Realty sector expects govt to relax norms for repatriation of FDI, ECBs

PTI Updated - March 12, 2018 at 12:21 PM.

Realty sector, which is facing severe credit crunch due to higher interest rates, expects the Government to relax the norms for repatriation of Foreign Direct Investment (FDI) and External Commercial Borrowings (ECBs) in the Budget for 2012-13.

“The real estate sector has witnessed rapid growth in the recent past. However, raising funds continues to be a big constraint for us. We expect some policy decision on FDI in real estate that will benefit the market greatly,” Puranik Builders Managing Director, Mr Shailesh Puranik, said.

The industry expects the Budget, to be announced on March 16, to relax the norms for FDI and ECBs, especially for township projects that will give developers source funds at a much reasonable cost.

Currently, it is not possible for foreign investors to repatriate real estate investment proceeds for three years, which is hampering investment flows, Jone Lang LaSalle Chairman and Country Head, Mr Anuj Puri, said.

“Relaxing norms for repatriation of realty FDI is the need of the hour. The market environment needs to be rendered more investment-friendly,” he said.

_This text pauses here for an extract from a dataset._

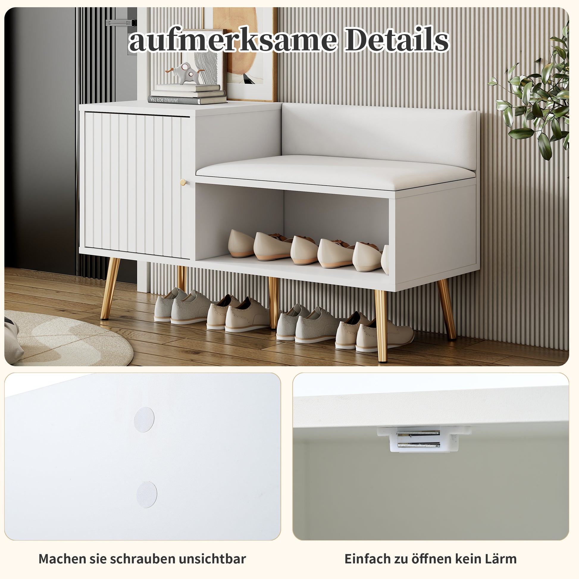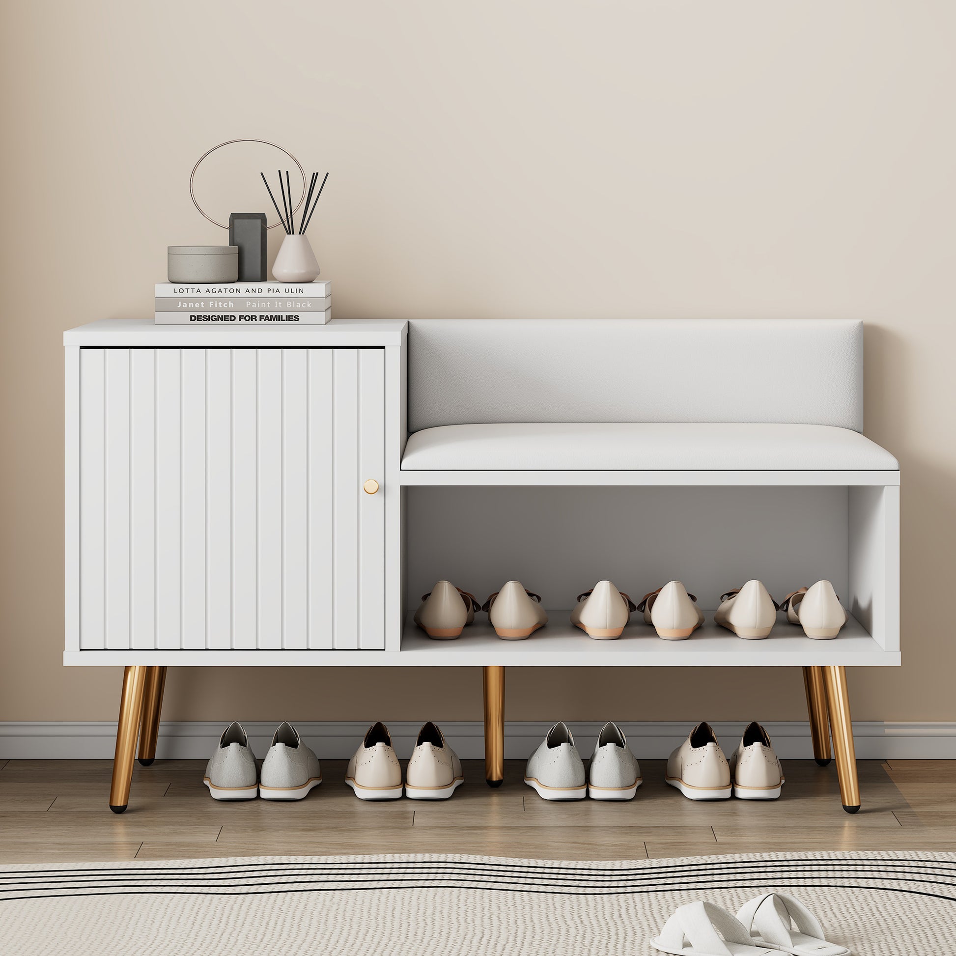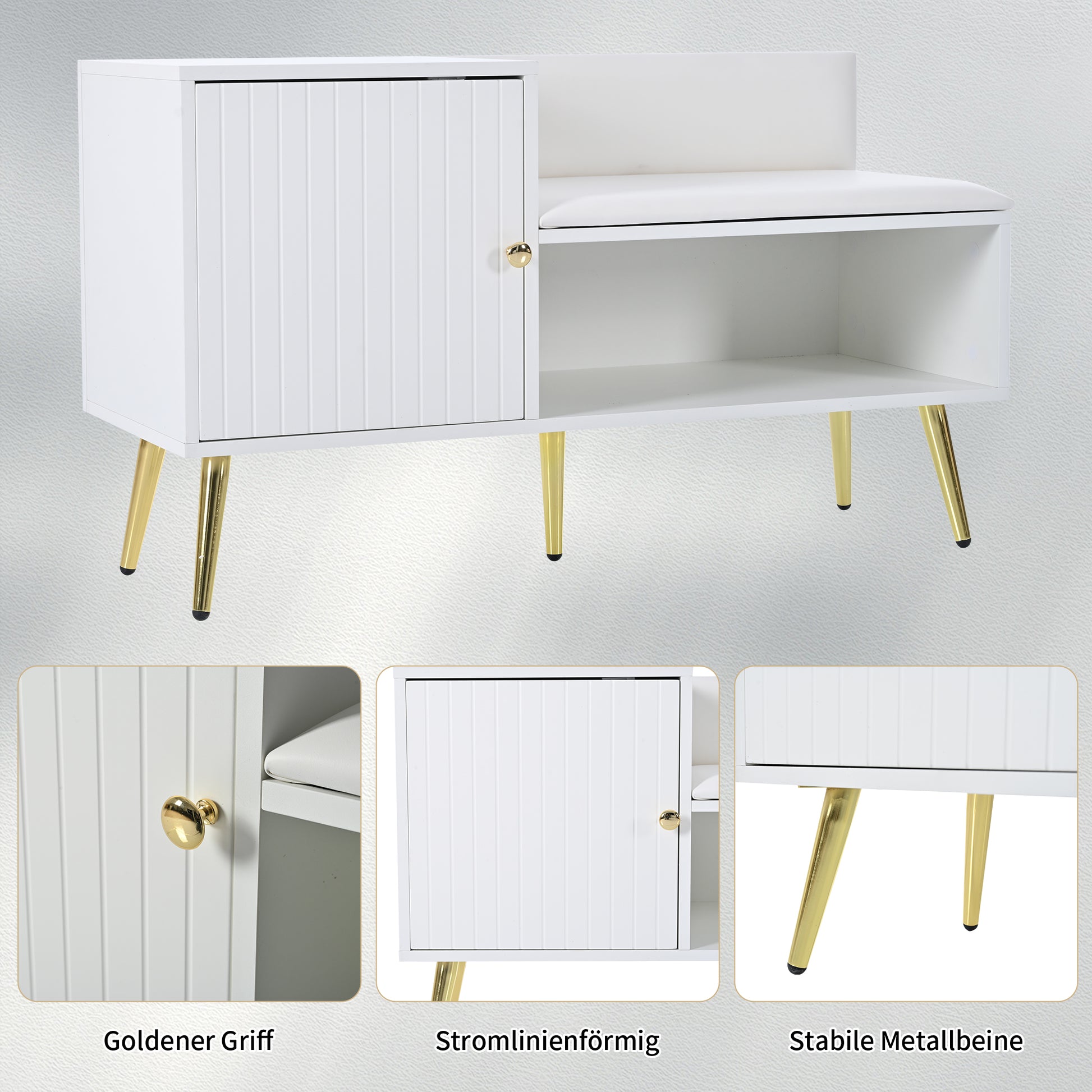 modern luxurious shoe chest with storage, upholstered bench, backrest, metal handles and legs, white

Besides this, the sector is hoping to get industry status as it is a major driver for economic growth and generates jobs across various verticals.

“The real estate sector is the second largest employer contributing 5 per cent to the GDP and generating large-scale jobs across its varied verticals.

“The sector should be given an industry status that will enable developers to have access to debt lending at competitive rates from banks and financial institutions,” said Sunteck Realty Chairman and Managing Director, Mr Kamal Khetan.

Realty players are also expecting sops for affordable housing and want it to be given priority in lending to address the acute housing shortage.